Z(k) PROBRT PROBCENT

2.05 0.020182 0.95964

2.10 0.017864 0.96427

2.15 0.015778 0.96844

2.20 0.013903 0.97219

2.25 0.012224 0.97555

2.30 0.010724 0.97855

2.35 0.009387 0.98123

2.40 0.008198 0.98360

2.45 0.007143 0.98571

2.50 0.006210 0.98758

2.55 0.005386 0.98923

2.60 0.004661 0.99068

2.65 0.004025 0.99195

2.70 .0034670 0.99307

2.75 .0029798 0.99404

2.80 .0025551 0.99489

2.85 .0021860 0.99563

2.90 .0018658 0.99627

2.95 .0015889 0.99682

3.00 .0013499 0.99730

 

From 2.35 0.009387 0.98123, z=2.35

n = 56

e = 36

p = 36/56 ≈ 0.64286

sdp = sqrt(p*(1-p)/n) = sqrt((36/56)*(20/56)/56) ≈ 0.064030

lowCI = p − z*sdp = 0.64286 − 2.35*0.064030 ≈ 0.49239

highCI = p + z*sdp = 0.64286 + 2.35*0.064030 ≈ 0.79333

Report the interval as [.492, .793 ].

 

Interpretation

Our population is the population of year 2005 US resident live born infants and our population mean is the mean gestational age (weeks). Our event is that the live born infant was born with between 37 and 40 weeks of gestation.

Our Family of Samples (FoS) consists of every possible random sample of 56 year 2005 US resident live born infants.
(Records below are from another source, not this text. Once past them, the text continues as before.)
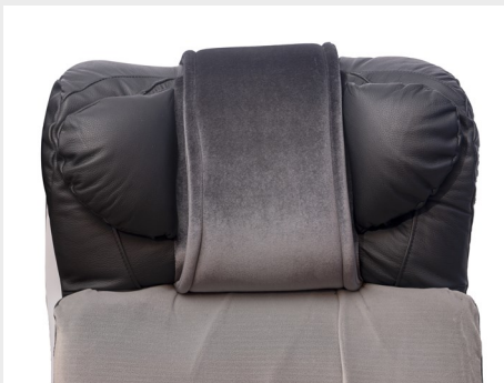
Cabecera en viscolastic/ Memory foam headrest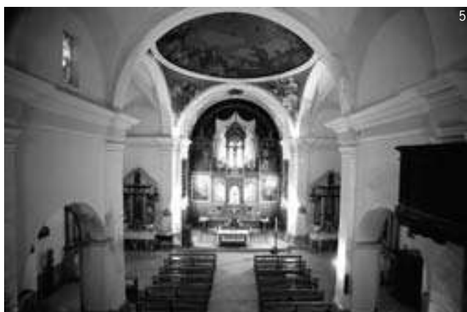
4- Detalle urbanístico 5- Interior de la Iglesia de Santo Toribio. 6- Calvario.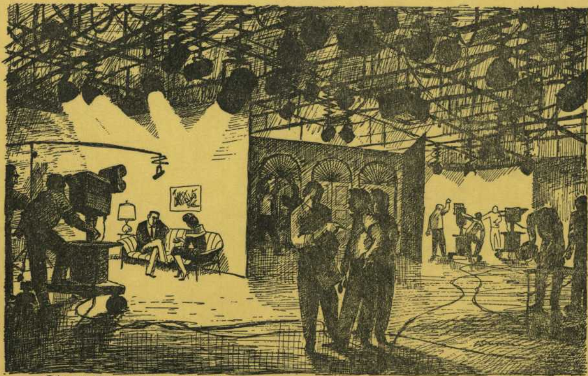
Rehearsal in Studio "D", CFCM-TV and CKMI-TV, Québec.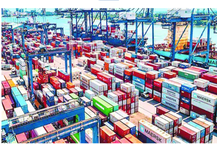
ఉత్పత్తులకు భారత ప్రధాన దిగుమతిదారుగా ఉంది.

అమోనియా, డైక్లోరోమిథేన్, వినైల్ క్లోరైడ్ మోనోమర్, స్టిరీన్, పాలి బ్యుటాడిన్, స్టీరీన్ బ్యుటాడిన్, అన్శాచురేటెడ్ పాలిస్టర్ రెసిన్ వంటి పెట్రో కెమికల్స్ కు దిగుమతి సుంకాన్ని మినహాయించారు. ఈ నిర్ణయంతో ఫ్లాస్టిక్, టెక్స్టైల్స్, ఫార్మా, ఆటో, కెమికల్ రంగాలకు లాభం చేకూరనుందని కేంద్రం పేర్కొంది. పశ్చిమాసియాలో యుద్ధం కారణంగా హరూజ్ మారుగా సరకు రవాణాకు అంతరాయం ఏర్పడిన సంగతి తెలిసిందే. దీంతో ముడిపదార్థం, గ్యాస్, ఎరువులు, ఇతర రసాయనాల దిగుమతులపై ఆందోళనలు నెలకొన్నాయి. ఫెర్టిలైజర్స్, పెట్రోలియం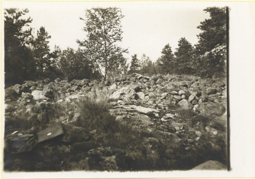
No 2 Klummet Dalkarby

From each individual sampled live born infant, gestational age in weeks is obtained.

From each member sample of the FoS, we compute the sample proportion p of infants in the sample with between 37 and 40 weeks of gestation at birth and sdp, where sdp=sqrt(p*(1-p)/56), and then compute the interval

[p – 2.35*sdp, p + 2.35*sdp].

Computing this interval for each member sample of the FoS, we obtain a Family of Intervals (FoI), approximately 98% of which cover the true population proportion of year 2005 US resident live born infants with between 37 and 40 weeks of gestation.

If our interval, [.492, .793] is among the approximate 98% super-majority of intervals that cover the population mean, then between 49.2% and 79.3% of year 2005 US resident live born infants have gestation ages between 37 and 40 weeks.